2003 Religious Thought and Behaviour As By-products of Brain Function. Trends in Cognitive Sciences 7(3):119-124.

Minds Make Societies: How Cognition Explains the World Humans Create

Integrating recent insights from evolutionary biology, genetics, psychology, economics, and other fields, Boyer offers precise models of why humans engage in social behaviors such as forming families, tribes, and nations, or creating gender roles. In fascinating, thought-provoking passages, he explores questions such as, Why is there conflict between groups? Why do people believe low-value information such as rumors? Why are there religions? What is social justice? What explains morality? Boyer provides a new picture of cultural transmission that draws on the pragmatics of human communication, the constructive nature of memory in human brains, and human motivation for group formation and cooperation.

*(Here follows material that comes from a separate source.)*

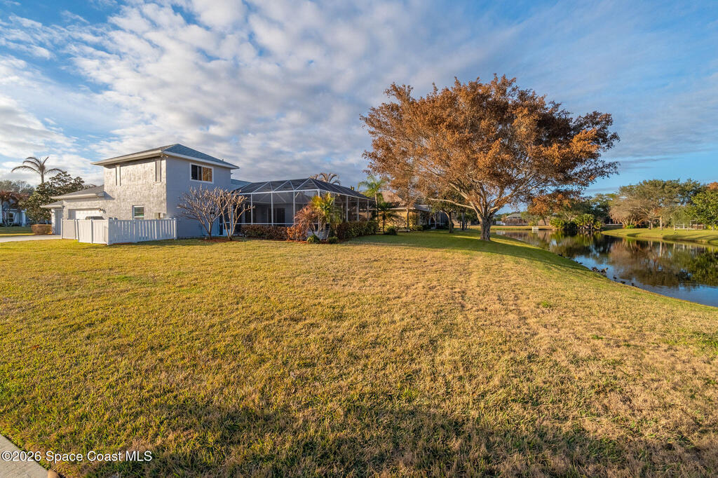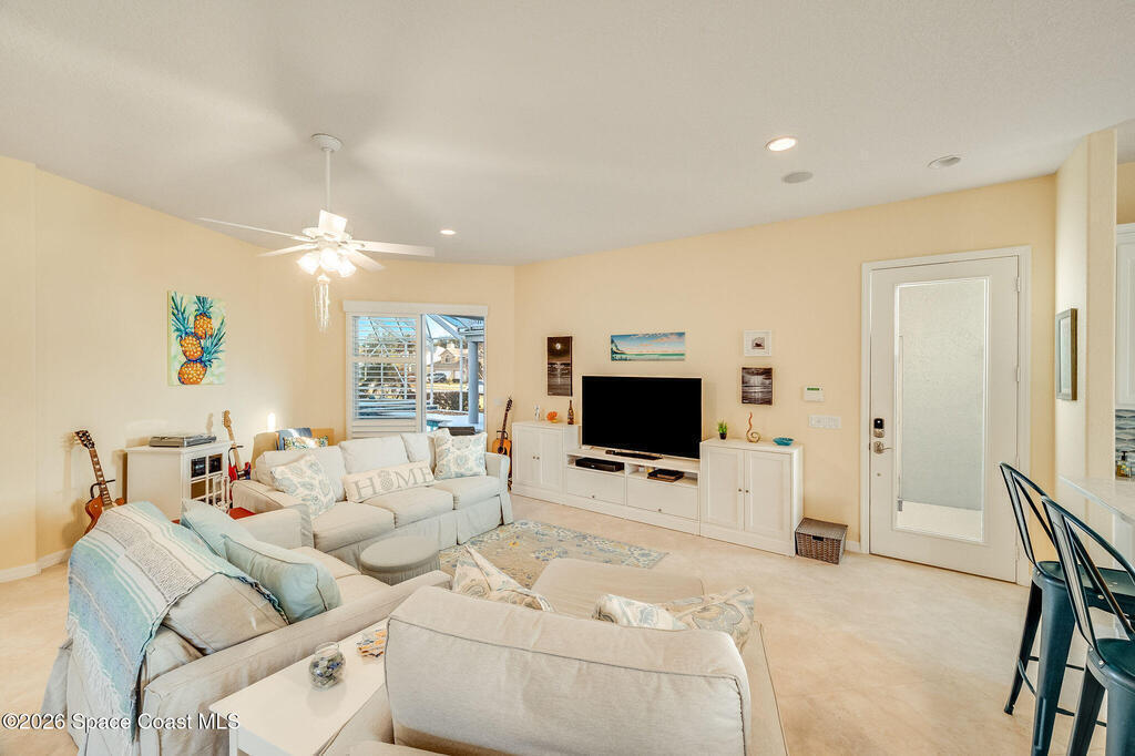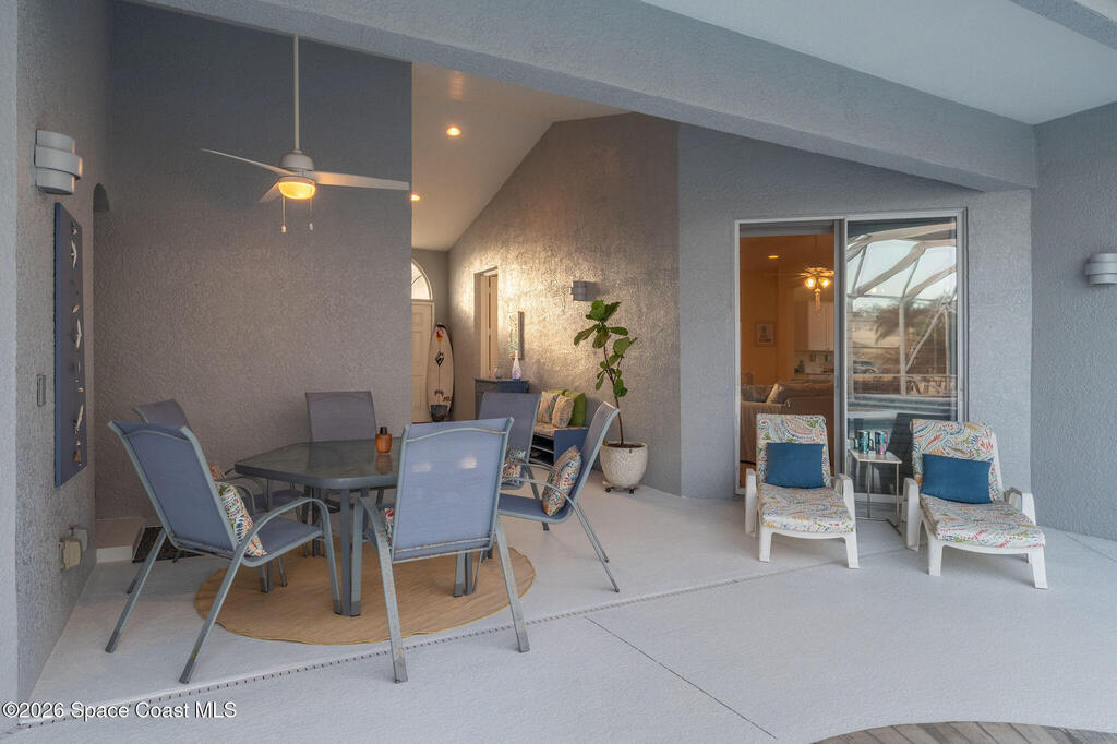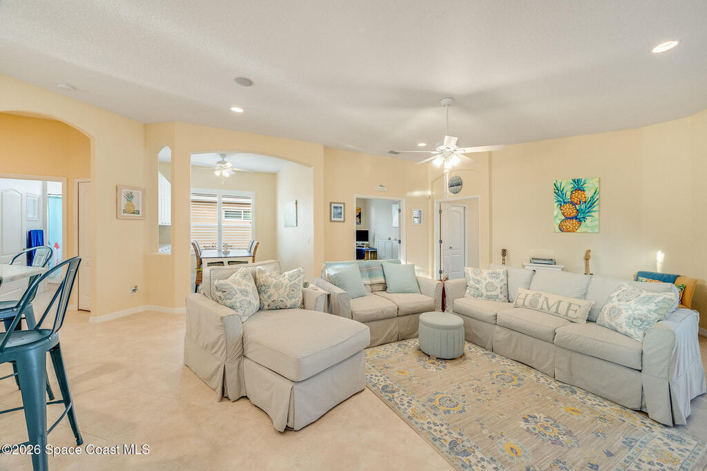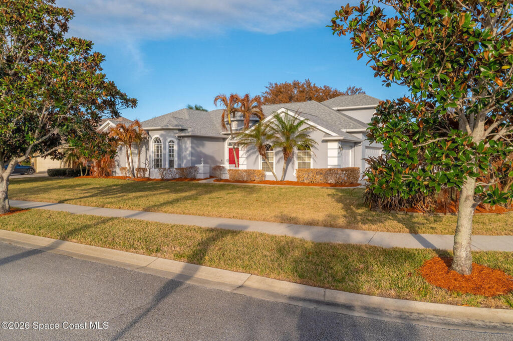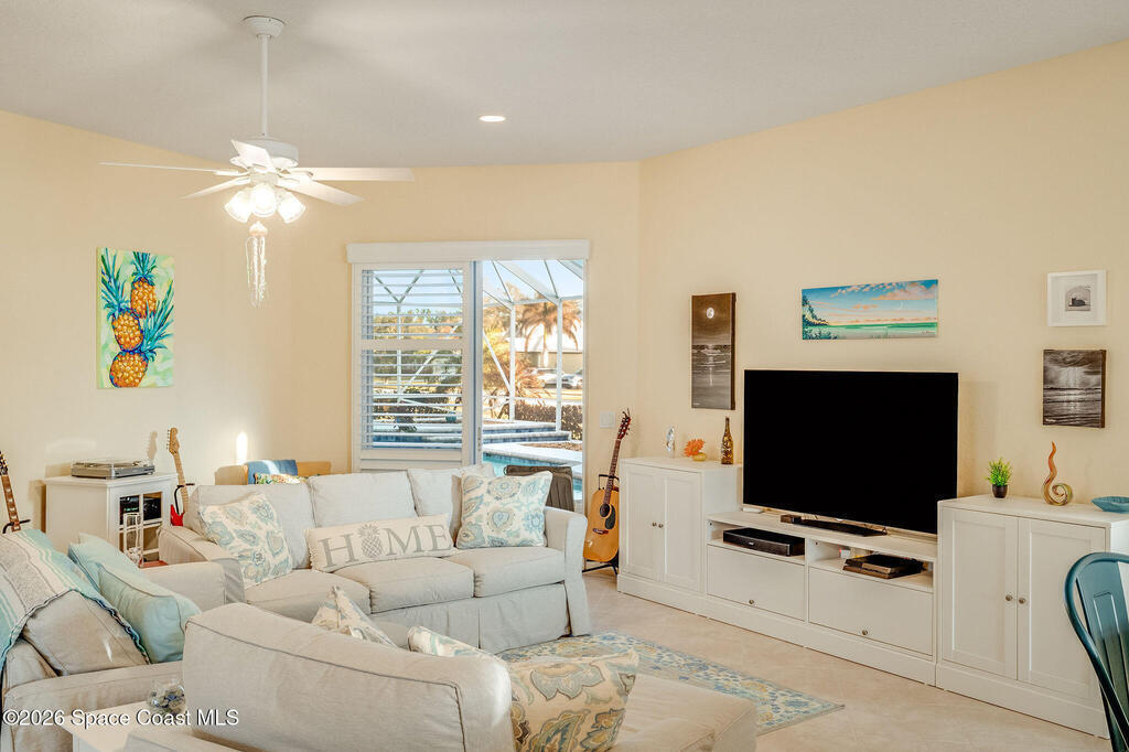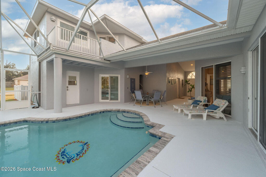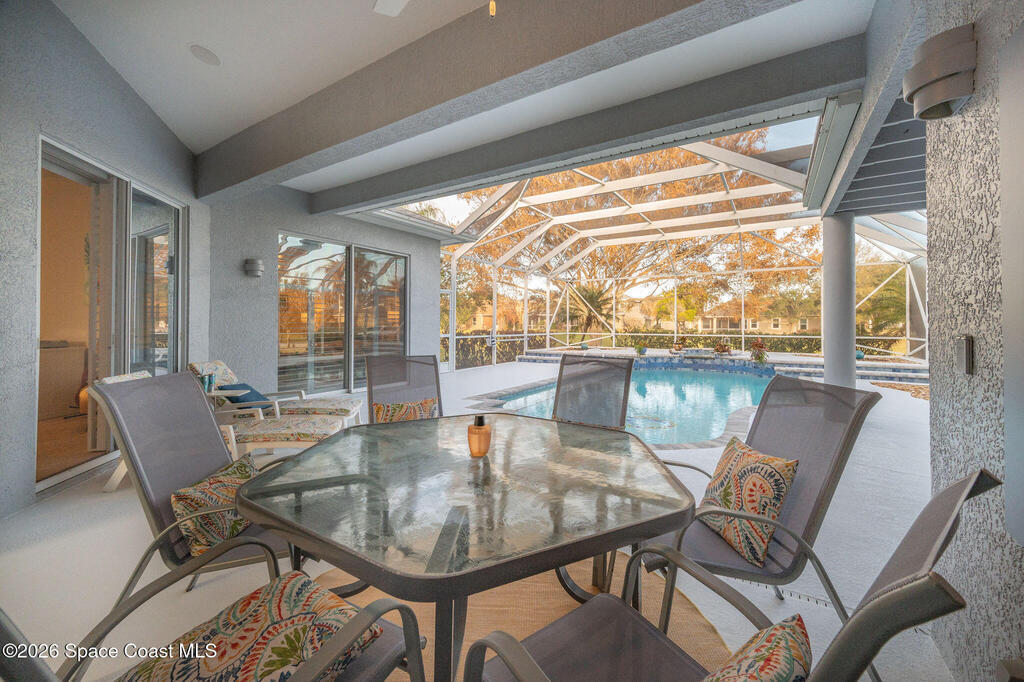 Embrace the Florida lifestyle in this light and bright 4-bedroom, plus office, 3-bath patio home featuring an open floor plan and a private courtyard-style pool that anchors the living spaces. Multiple rooms open directly to the patio, creating effortless indoor-outdoor flow. The kitchen showcases quartz countertops and generous prep space, ideal for everyday living and entertaining. The flexible layout is perfect for multi-generational living with a separate in-law suite that provides privacy for guests or extended family and a spacious bedroom or game room for hobbies or movie nights. Watch rocket launches from the balcony. Recent improvements include a resurfaced pool (2022), Roof approximately 8 years old, impact windows on the in-law suite and game room, plantation shutters, a 2020 deep irrigation well, and a new AC in 2025. Located in River Grove on the Trail with a private community dock and river access, this home offers comfort, versatility, and true Florida waterfront living.
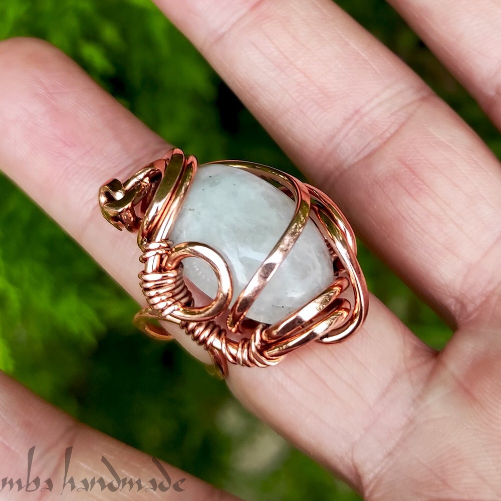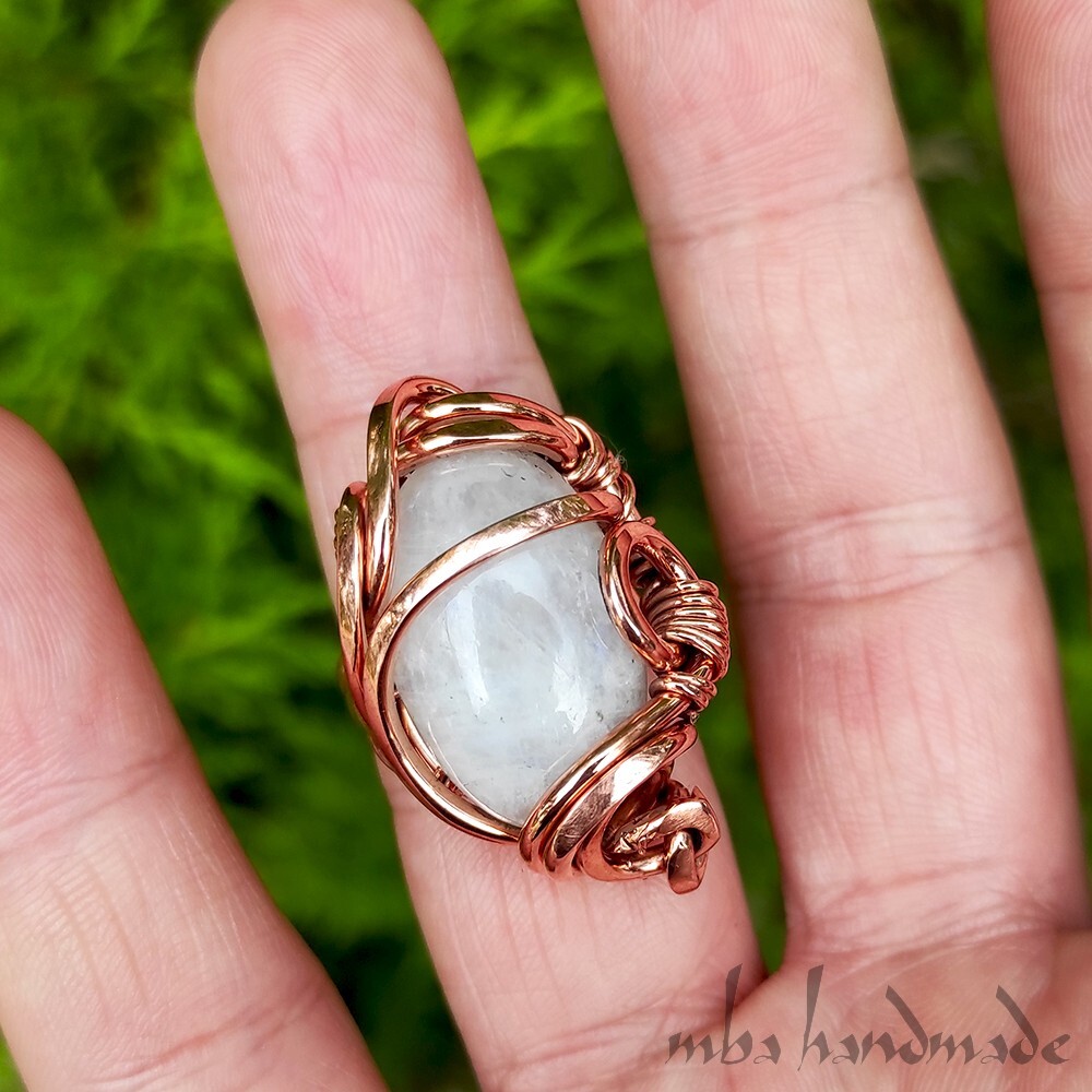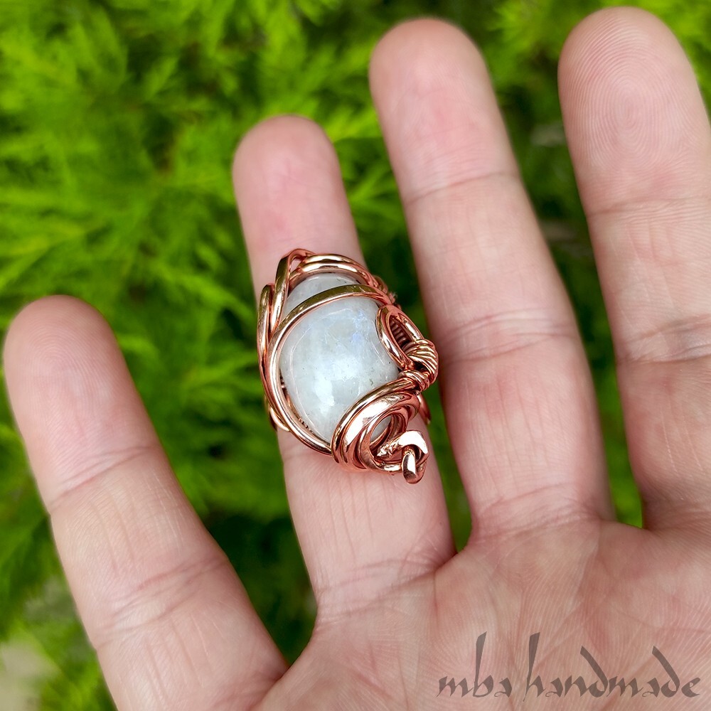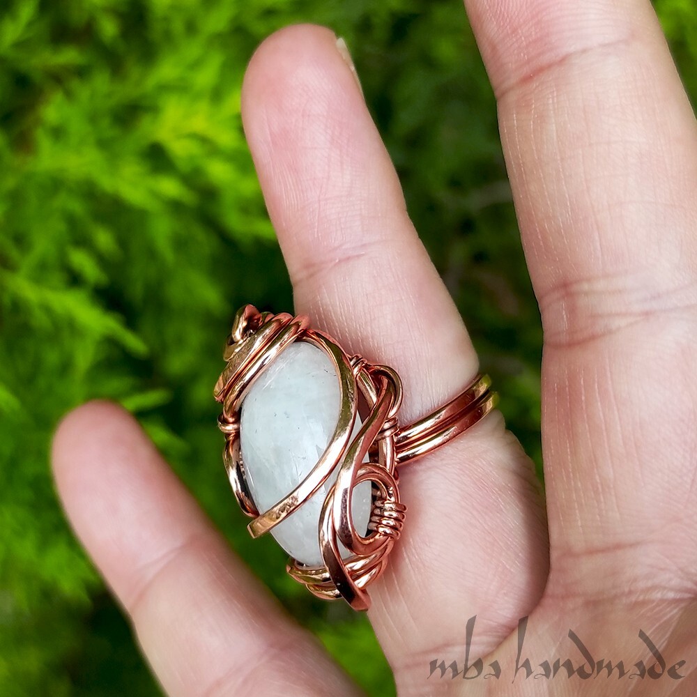 как выглядит Moonstone Crystal Size 6-7-8-9 US Adjustable Ring Pure Copper Unique Jewelry фото

The Fracture of an Illusion; Science And The Dissolution Of Religion

Pascal Boyer argues that religion is largely an illusion. The anthropologist traces religion's cognitive and evolutionary aspects. By "religion" he means a kind of existential and cognitive "package" that includes views about supernatural agency (gods), notions of morality, particular rituals and sometimes particular experiences, as well as membership in a particular community of believers. The package, however, does not really exist as such. Notions of supernatural agents, of morality, of ethnic identity, or ritual requirements and other experience, all appear in human minds independently. This implies that there is no such thing as a conflict between science and religion. Boyer takes the reader onto a journey through science and the dissolution of religion.